Zu viele bunte Anzeigen

Was Kießling noch irritiert hat, waren die „gefühlt 177 Zeiger, Balken und sonstigen bunten Anzeigenelemente, grün, blau, rot, weiß, grau, dick oder dünn.“ Sie tragen bei ihm nicht zur sicheren Fahrzeugführung bei. „Die sollten von technischen Experten einmal kritisch unter die Lupe genommen werden, ebenso wie der Spurassistent.“ Vielleicht sei Volkswagen insgesamt auf einem zu komplizierten Weg, mutmaßt er.
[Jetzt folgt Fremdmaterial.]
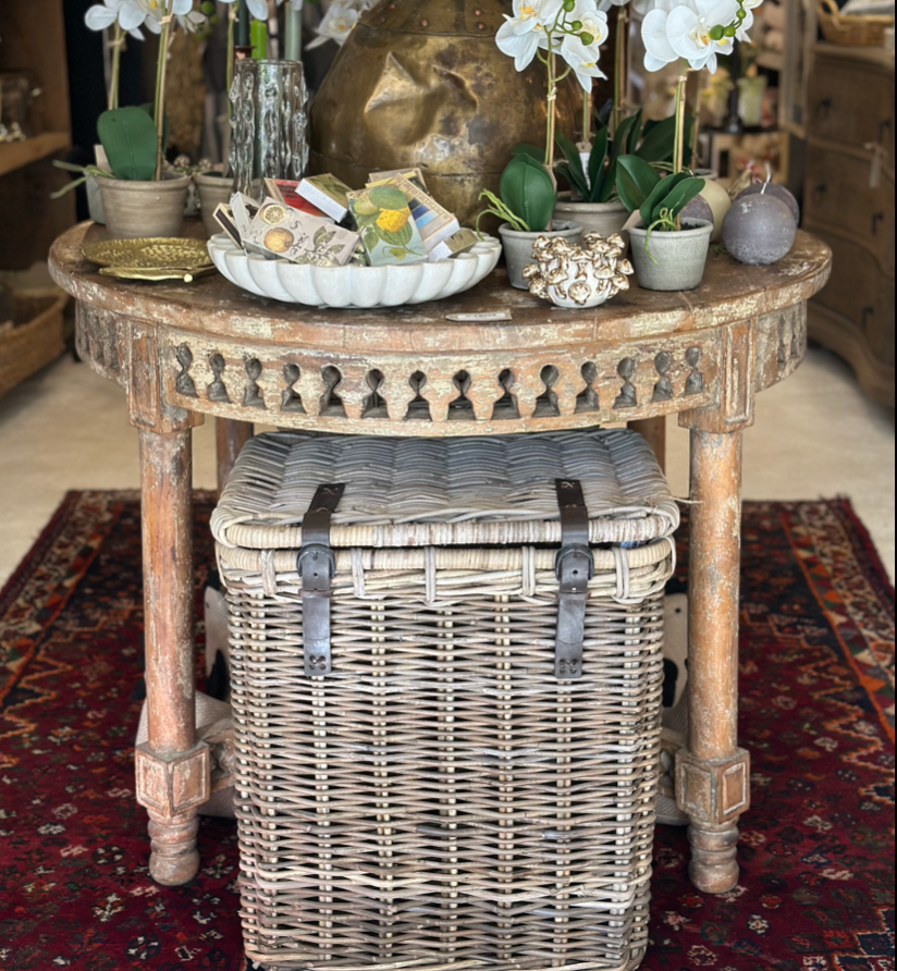 The Apecchio Table is an authentic vintage piece featuring beautifully intricate hand carved edging and its original aged patina.
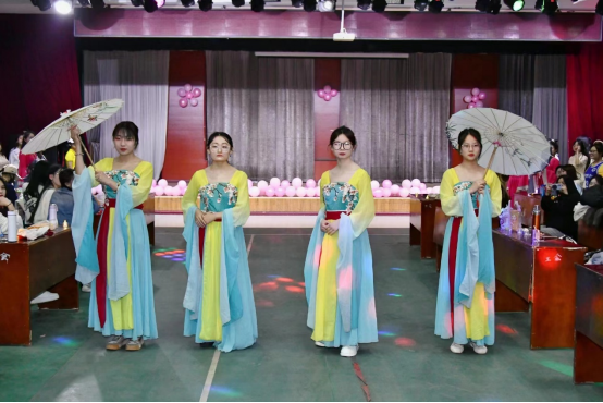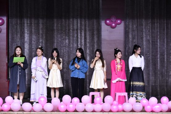 在大家兴致正浓时,张若涵宿舍带来的小品《唐朝美人》缓缓登上舞台,从当代女性的容貌焦虑入手,以古代场景为辅,诙谐幽默,旨在揭示每个人都有自己魅力,可以是朝阳的向日葵,也可以是暗夜的玫瑰,大众的偏见无法还原真正的你,狭隘的定义无法决定怎样的你。活动的压轴表演为“豆蔻青春,衣华独秀”大型走秀节目,共80多人参与,有礼服组、运动组、古风组、休闲组、西服组等,风格迥异。我们生活在张扬个性的年代,舞台中央灯光闪耀,映照着同学们明媚的洋溢着笑容的脸庞,朝气盎然,律动中充溢着自信,展现了青春风姿。每个小组之间的默契配合,提升了班集体的团结意识,展现了同学们自信热血的精神风貌。
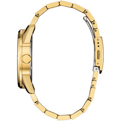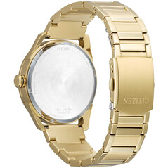 Citizen har lanserat AW0089-52E som det senaste tillskottet till sitt sortiment i Storbritannien. Denna 42 mm klocka är utrustad med ett boett och armband i rostfritt stål, båda med en enhetlig guldton. Konstruktionen är mer inriktad på segmentet "Classic", tack vare en blandning av borstade och polerade ytor som definierar boettens linjer.
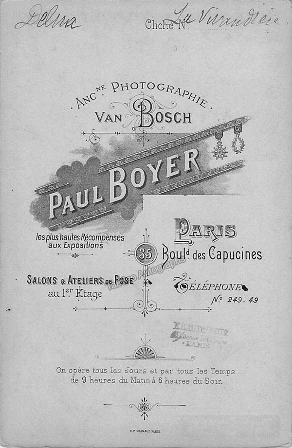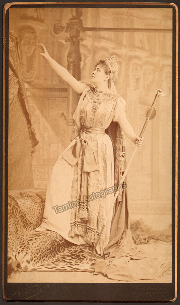 Unsigned cabinet photo, by Paul Boyer, Paris. Shown in the world premiere of La Vivandiere (opera by Benjamin Godard). Size is 4.25 x 6.5 inches, in excellent condition.
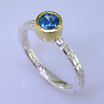 A maritime-inspired blue, this hue is bold and energetic, but somehow feels like a refreshing day on the water. It encourages escape - think vacation time. A great-spirited hue. Wear it on your finger in the form of this delicate Blue Topaz stackable ring.
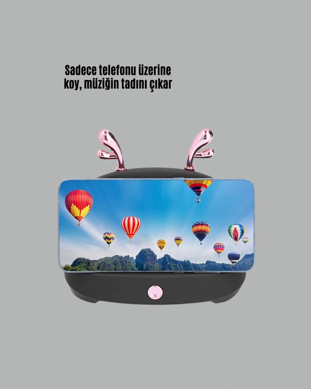 Kablosuz indüksiyonlu telefon tutucu ve hoparlör, günlük yaşamda hem ses kalitesini artırmak hem de telefonunuzu şık ve fonksiyonel bir şekilde yerleştirmek isteyenler için tasarlanmıştır. Cihazı kullanmak oldukça kolaydır; yapmanız gereken tek şey güç düğmesini açmak ve telefonunuzu algılama alanına yerleştirmektir. Telefonunuzdan müzik çalmaya başladığınız anda, hoparlörler otomatik olarak sesi algılar ve stereo kalitesinde ses çıkışı sağlar. Bu sayede izlediğiniz videolarda veya dinlediğiniz müziklerde daha zengin, daha dolgun ve daha net bir ses deneyimi yaşarsınız.Yüksek kaliteli hoparlör donanımı, sesin doğal ve canlı çıkmasını sağlayarak size sinema ya da konser salonu atmosferi sunar. 750mAh kapasiteye sahip güçlü bataryası, tek şarjla yaklaşık 5 saat kesintisiz kullanım olanağı verir. Böylece uzun süreli seyahatlerde veya dış mekan aktivitelerinde yanınızda taşımak için idealdir. USB Micro şarj kablosu ile hızlı ve kolay şekilde şarj edebilirsiniz.Ürün, dayanıklı ve hafif ABS malzemeden üretilmiştir, bu sayede hem sağlam hem de taşınması kolaydır. Telefonunuzun güvenle sabitlenmesini sağlayan telefon tutucu, aynı zamanda masaüstünde ya da yatak başında telefonunuzu rahatça kullanabilmenize imkân verir. Ayrıca, ürünle birlikte gelen iki adet geyik figürlü kulaklık tutucu, hem telefonunuzun kablolarını düzenli tutar hem de ürünün es görünümüne katkıda bulunur.Ses çıkışını kontrol etmek için telefonunuzdaki ses seviyesi tuşlarını kullanabilir, hoparlör otomatik olarak buna göre ses ayarını yapar. Bluetooth bağlantısına ihtiyaç duymadan çalıştığı için, uyum sorunları yaşamaz ve hemen kullanıma başlayabilirsiniz. Ayrıca cihazın üzerindeki mavi LED ışık, cihazın aktif olduğunu ve telefonun algılandığını gösterir.Paket içeriğinde kablosuz indüksiyonlu telefon tutucu hoparlör, iki adet geyik kulaklık tutucu, Micro USB şarj kablosu ve kullanım kılavuzu bulunmaktadır. Bu ürün hem evde, hem ofiste hem de dışarıda telefonunuzla kaliteli ses deneyimi yaşamak isteyen herkes için mükemmel bir seçimdir.
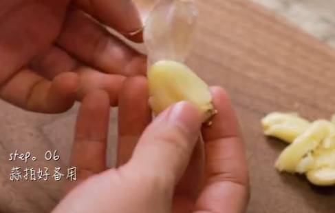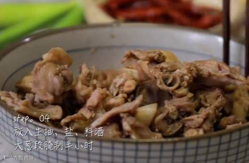 NO.4 放入生抽、盐、料酒、大葱段腌制半小时。
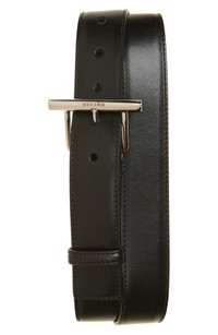 A signature T-Bar buckle is engraved with the McQueen logo on a slender belt crafted from smooth Italian calfskin. 1 1/4" belt width Leather Made in Italy

Dieses Paket überzeugt nicht

Nun ist der Autotester der LVZ gespannt, was die neun anderen Plug-in-Hybrid-Tester berichten. Er fände es sinnvoll, wenn es einen großen Erfahrungsaustausch gäbe. Die Hybrid-Technologie an sich, die einen Elektromotor mit einem ganz normalen Benzin-Verbrennungsmotor koppelt, hat sich für ihn nach der Probe-Woche nicht erledigt: „Gerade jetzt bin ich angestachelt! Mit zwei Bekannten, die einen Hybrid fahren, und mit meiner Werkstatt werde ich mich noch einmal ausführlich unterhalten, warum man so ein Fahrzeug kauft und was es für Effekte bringt.“ Das Reindenken in moderne Technologien, das Bewusstsein für umweltgerechtes Verhalten machen dem Markranstädter Spaß, „und da geht auch kein Weg dran vorbei.“ Deshalb bedauert er, dass der Test für ihn persönlich nicht überzeugender ausgefallen ist. Kaufen würde er dieses Paket jedenfalls nicht.